Wayne O’Bryan has served as a lawyer for a lot of motorcycle wrecks and he has seen some bad ones. One client was riding his bike through a tunnel when a tractor-trailer moved into his lane and caused a horrible accident. We got a fair settlement for that poor man who was injured through somebody else’s fault.

Riding a motorcycle can be a lot of fun, but it can also be dangerous. Motorcycles represent 2.5% of all registered vehicles but 11.3% of traffic deaths. In 2006, motorcycles accounted for over 4,800 fatalities and 88,000 injuries in the United States. In Virginia, there were 2,601 motorcycle crashes that resulted in 126 motorcycle operator deaths and 2,284 occupant injuries in 2007.
Follow these safety tips in order to have a safe ride.

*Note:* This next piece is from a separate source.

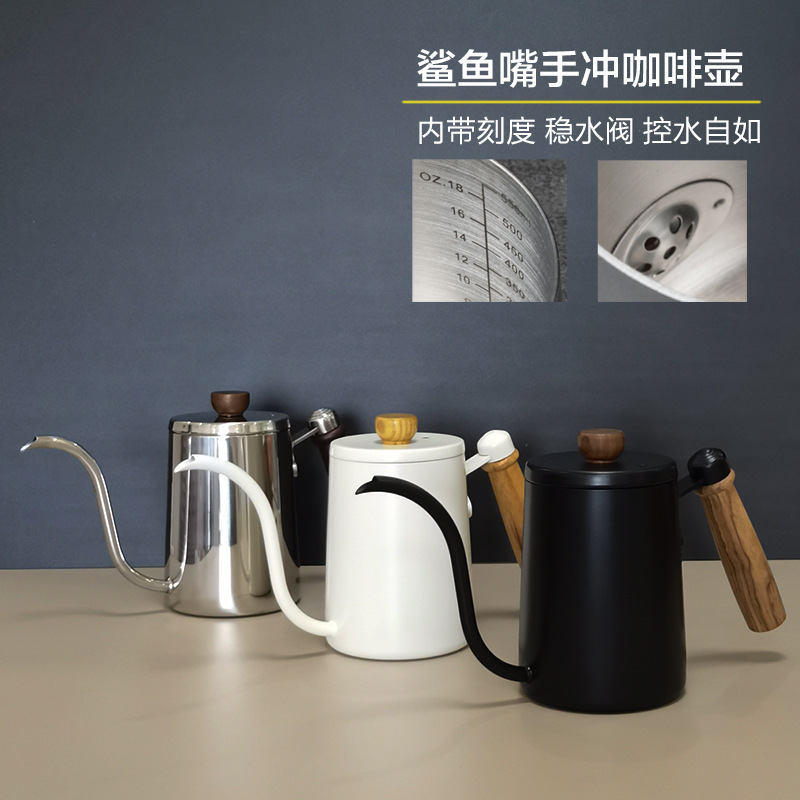 ステンレス製手沖コーヒーポットスケール付き木ハンドル304テフロン家庭用細い口マカロン粉滴フィルターポット
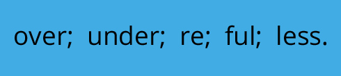 useful, hopeless, homeless, overpriced, overused verbs: oversleep, overwork, overspend, undercook |

  • Wear bright and/or reflective clothing to maximize your visibility at night.
  • Wear a DOT, ANSI, OR Snell-approved helmet that is designed with a hard outer shell and a retention system to protect the head and the brain in a variety of impacts. In 2006, 41% of those killed in crashes were not wearing a helmet.
  • If your helmet is not equipped with a face shield, wear goggles or glasses with plastic lenses to protect your eyes against insects, wind, dirt, rocks, or other airborne matter.
  • Wear elbow pads, kneepads and slip-resistant shoes and avoid wearing sandals, flip-flops or shoes with laces.
  • Wear durable, non-slip gloves that provide firm grips on the controls along with long pants and a long-sleeved shirt or jacket.
  • Ride with the flow of traffic and pass vehicles with extreme care.
  • Reduce your speed when riding over bumpy roads.
  • Obey the speed limits and never travel faster than your skill level or than the conditions allow.
  • Learn how to use both front and rear brakes and to properly downshift through the gears as you slow down or stop.
  • Keep your headlights on both day and night.
  • Check your mirrors and blind spots frequently.
  • Use caution when riding in bus traffic and watch out for buses pulling to and from curbs and passengers getting on and off buses.
  • Know how to use hand signals and signal well before you make a turn or lane change.
  • Use extra caution at intersections, parking lot entrances and exits, and driveways.
  • Avoid hitting road hazards, such as sharp bumps and holes in the road surface. These hazards can cause loss of control or damage.
  • Be especially conscious of traffic from behind.
  • Check with your DMV to find out where local safety classes are being held.
  • Get licensed. In Virginia, you must hold a valid class M endorsement on your driver license.
  • Register your motorcycle. In Virginia, you must have a VA title, registration card, and license plate.
  • Do not block sidewalks, handicap and building accesses, or emergency drives when parking your motorcycle.

You should follow all of these general tips, but keep in mind that this checklist is not completely exhaustive and you should check with your state DMV for state specific rules.